Congressman Rob Bishop (R) – Federal Transportation Funding
Transportation infrastructure is obviously key to our economy and critical to our cities and states as a whole.
The current status of the federal highway transportation fund illustrates how years of bad policies and runaway government spending are bankrupting this country. In 2010, the highway trust fund brought in $35 billion in revenue, but $50 billion in spending was authorized. Over the past three years, Congress has had to transfer approximately $35 billion from the General Fund into the Highway Trust Fund to keep it solvent. Continued spending at this unsustainable rate could mean that the Trust Fund goes broke in 2013.
Many in Washington seem to think we have a revenue, problem, not a spending problem. I disagree. The trust fund cannot support the Senate’s proposed two-year bill at current spending levels. Even extending funding for one year at current levels would require a 50% cut in 2013 to keep the Trust Fund solvent. We must maintain the long-term viability of the Highway Trust Fund and the only way to do this is to stop spending money the federal government does not have.
The House proposal builds upon and improves the successful Transportation Infrastructure Finance and Innovation Act (TIFIA) loan program and seeks to align spending with revenues without raising taxes. The measure dedicates $6 billion to the TIFIA program resulting in $60 billion in low interest loans to fund at least $120 billion in transportation projects. Providing additional funding for TIFIA will help meet demand for credit assistance for transportation projects and enable increased leveraging of highway trust fund dollars with state, local and private sector funding.
In addition to addressing the ongoing insolvency of the federal highway trust fund, the House bill reduces bureaucratic red-tape in the approval and permitting process and importantly gives states greater autonomy and flexibility to meet their unique transportation needs. The House legislation helps states be less beholden to onerous federal mandates that dictate where funding must be spent, which can lead to an inefficient use of federal highway funds.
Bureaucratic red-tape has long caused a needless delay in infrastructure projects. According to the Federal Highway Administration, highway projects can take up to 15 years to complete. By streamlining the project review process, we can ensure environmental protections remain in place while investing infrastructure resources in a much more effective manner.
The combination of these improvements will bring stability to the struggling highway fund and will maximize the flexibility states have. This will help ensure that Utahns and all hard-working taxpayers get a better investment from their transportation dollars.

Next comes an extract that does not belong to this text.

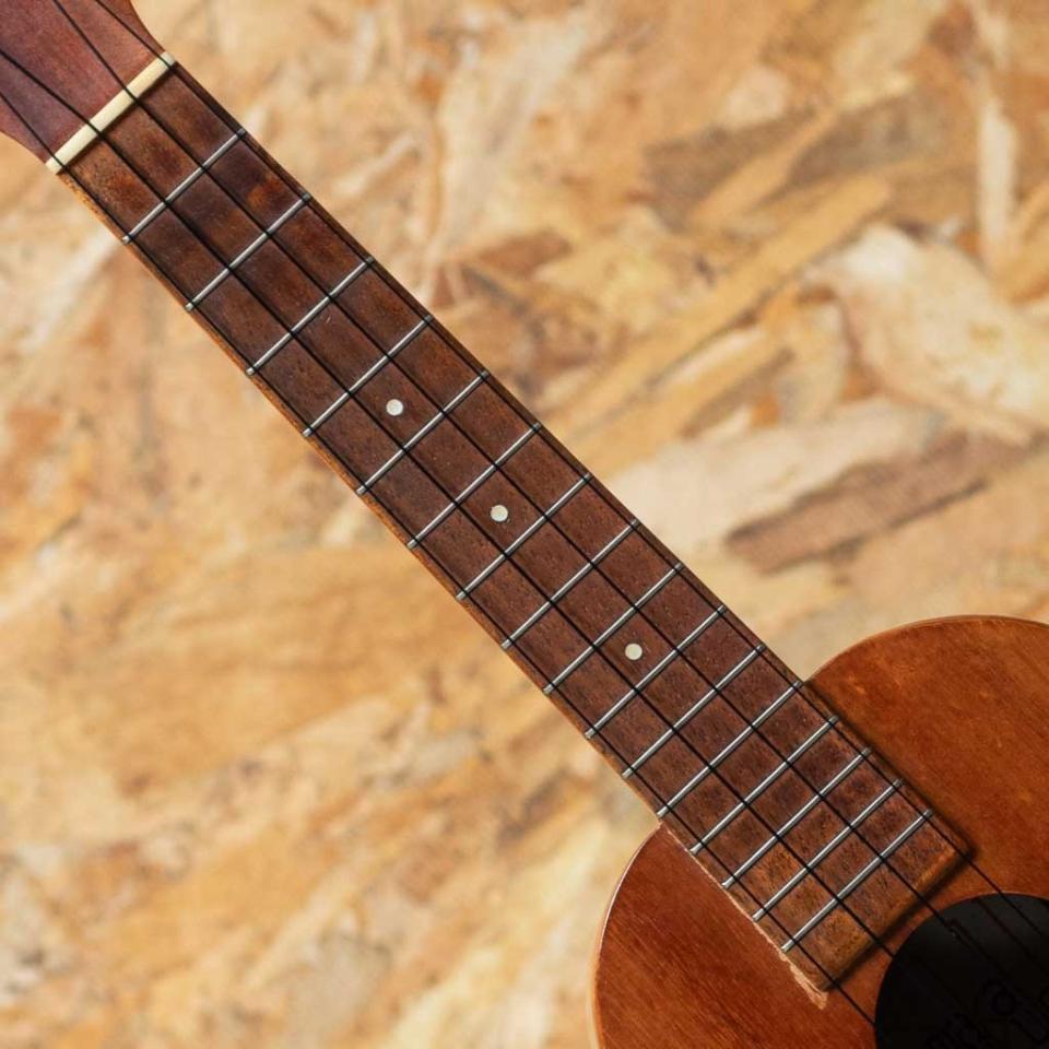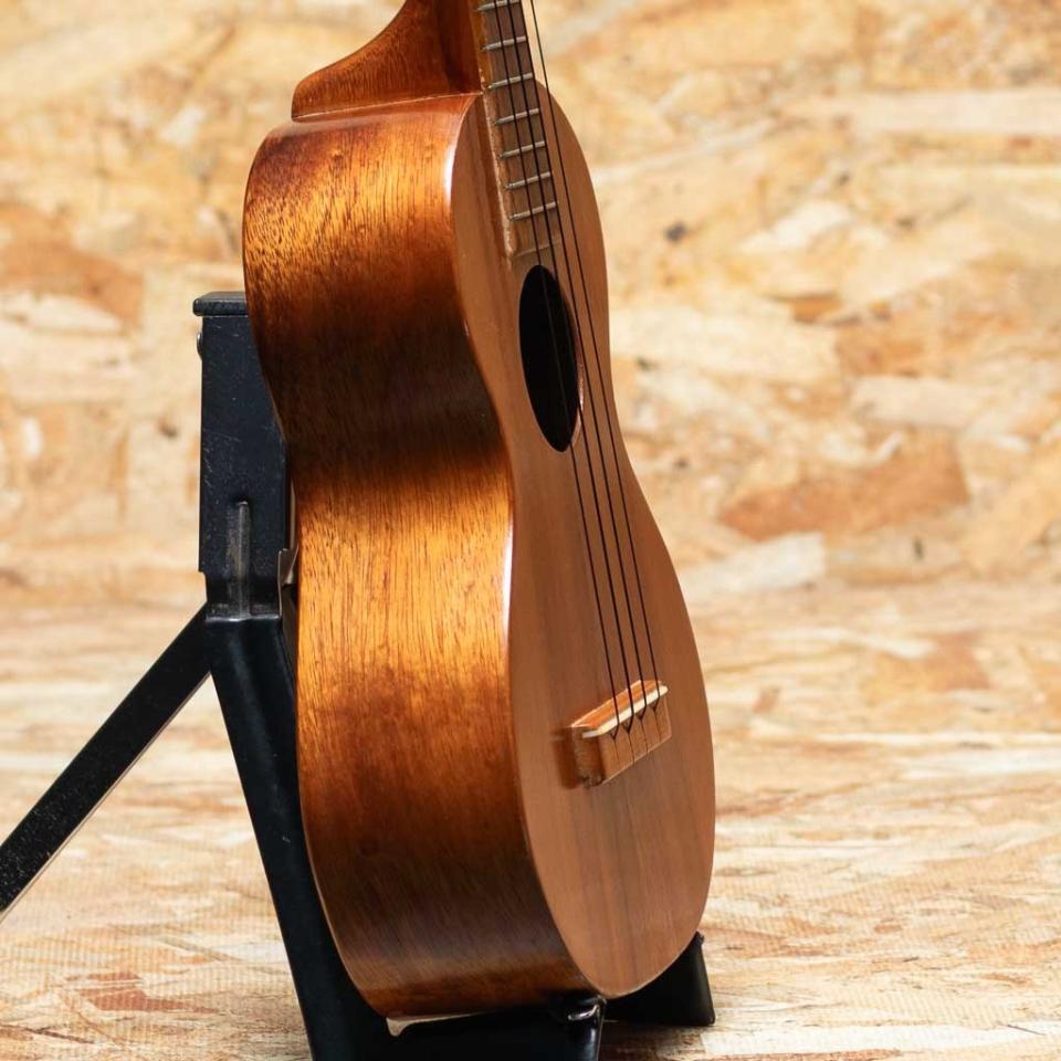 1960年代~70年代に製造されていたヘッドにTIKIと呼ばれる神様の彫刻が施されたレアモデル!数も少なく滅多にお目に掛かることができません。本器は1973年製ホワイトラベル、コンサートサイズの1本。ボディ、ネック、指板、ブリッジ、全てがコア材仕様。ドット指板インレイ、フリクションタイプペグ。甘くまろやかな音色ですが、経年の変化も手伝ってか、レスポンスも良く、ボリュームもしっかりとございます。ボディトップセンターシームにクラック補修が見られますが、裏側からパッチを当てた丁寧な修理がなされています。その他ボディサイドのエンド部分に質感を損なわない程度の塗装の修正が見られる他、細かい当てキズはございますが演奏性は問題ございません。珍しいTikiヘッドレリーフのカマカ、お探しだった方にはぜひおすすめしたい1本です。チップボードケース付属。

While the House bill is not a panacea, it is certainly a step in the right direction, especially when compared to the alternative Senate proposal, which would raise taxes at a time when Americans should be keeping more of their hard earned money. The last thing we should be doing is asking hard-working taxpayers to give us more of their money, placing an undue financial burden on many employers, which will likely result in the loss of many private sector jobs.
Get to know you questions:
What city do you live in and why do you enjoy living there?
My wife and I are proud to call Brigham City home. While I am originally from Kaysville, my wife is a lifelong resident of Brigham City. I moved to Brigham City in 1974. That same year, I took a job at Box Elder High School. Of the 28 years I served as a teacher in Utah’s Public School System, 23 of those were spent at Box Elder High. Brigham City is a wonderful community and my wife and I have enjoyed living and raising our family there. Having taught for over 20 years at Box Elder High, I had a unique opportunity to watch so many in our community grow up. I feel privileged to have had the opportunity to teach many exceptional young adults and watch them grow up over years.
What is your favorite collegiate sports team in the state?
I am a proud alumnus of the University of Utah, however, having children that have attended other universities throughout the state makes it hard to pick a favorite. I will cheer for the U or any school in my district.